1. **Synthetic / controlled cases** — formula, degrees of freedom, sample screening, edge cases.
2. **Real public datasets** — field-level comparison against Stata 17 on openly available economic/financial data.

A command is considered "done" only when both lines pass and the source-to-Python mapping is documented. We do not accept "statistical equivalence" without explicit mathematical or source-code justification.

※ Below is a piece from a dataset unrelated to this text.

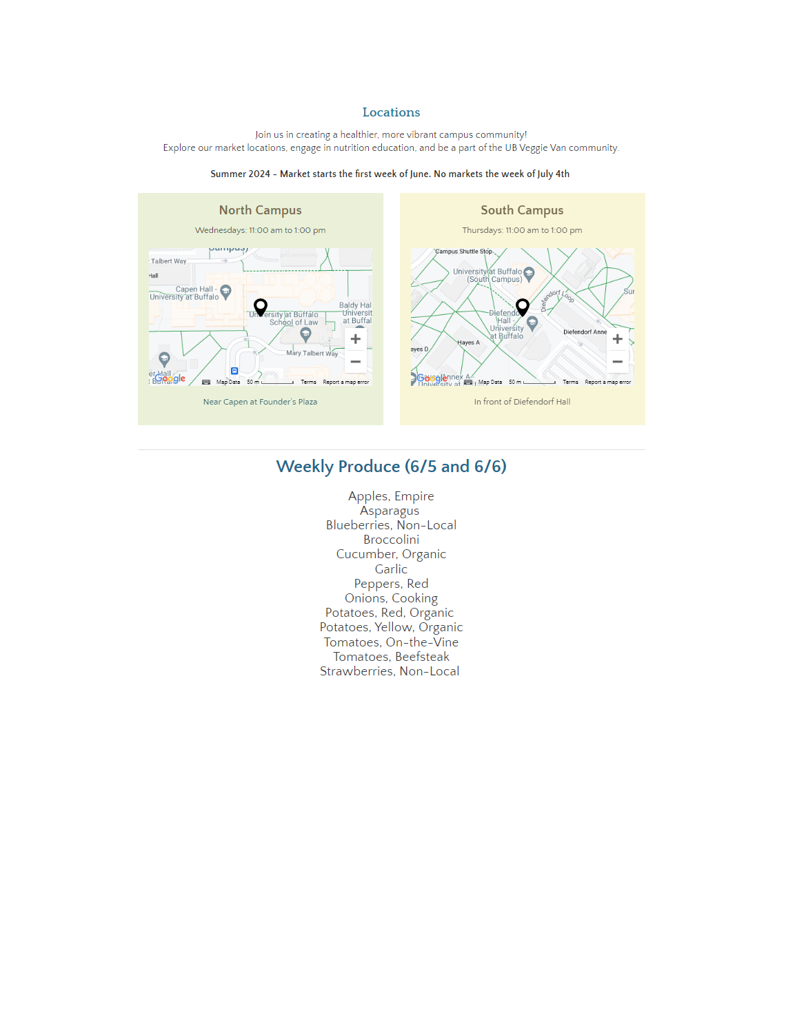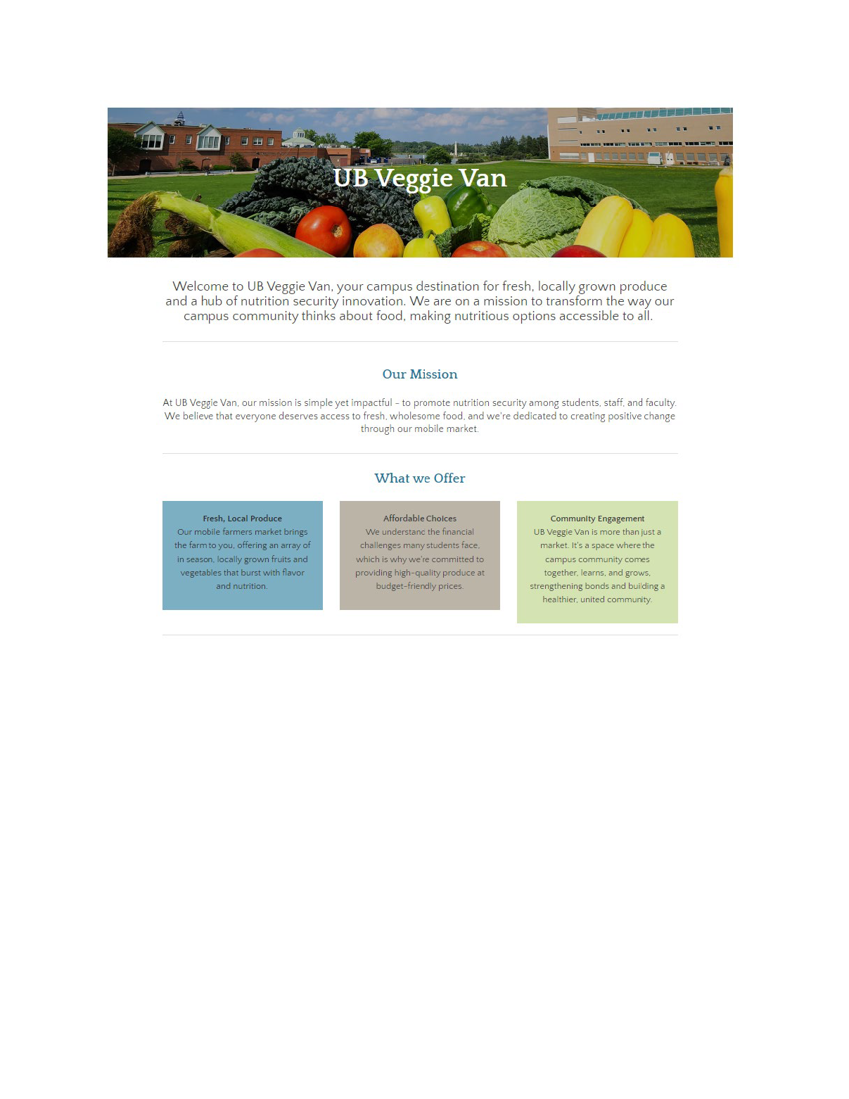 Join us in creating a healthier, more vibrant campus community! Explore our market locations, engage in nutrition education, and be a part of the UB Veggie Van community.

Public evidence and results are available in `research/results/validation/`.

### Running tests

```bash
# Unit and integration tests (fast)
pytest tests/ -v --ignore=tests/golden/

# Golden dual-run tests (require Stata 17)
pytest tests/golden/ -v
```

---

## Project structure

- **`src/stataflow/estimators/`** — Core Python estimators (`OLS`, `AbsorbingOLS`, `Logit`, `PPMLHDFE`, `DIDImputation`, etc.)
- **`src/stataflow/compat/stata/`** — Stata command wrappers (`regress()`, `reghdfe()`, `ivregress_2sls()`, etc.)
- **`docs/command-support-matrix/`** — Per-command support matrices
- **`examples/`** — Runnable demonstration scripts
- **`tests/`** — Unit and integration tests

---

## Default target version

**Stata 17**

---

## Documentation

- [User guide](./docs/USER_GUIDE.md)
- [Chinese user guide](./docs/USER_GUIDE.zh-CN.md)
- [Cookbook](./docs/cookbook.md)
- [Chinese cookbook](./docs/cookbook.zh-CN.md)
- [Command support matrices](./docs/command-support-matrix/README.md)

---

## Governance

- **Codex** — project goals, architecture, review gates, and statistical-dispute arbitration.
- **Claude Code** — implementation, testing, and evidence backfill.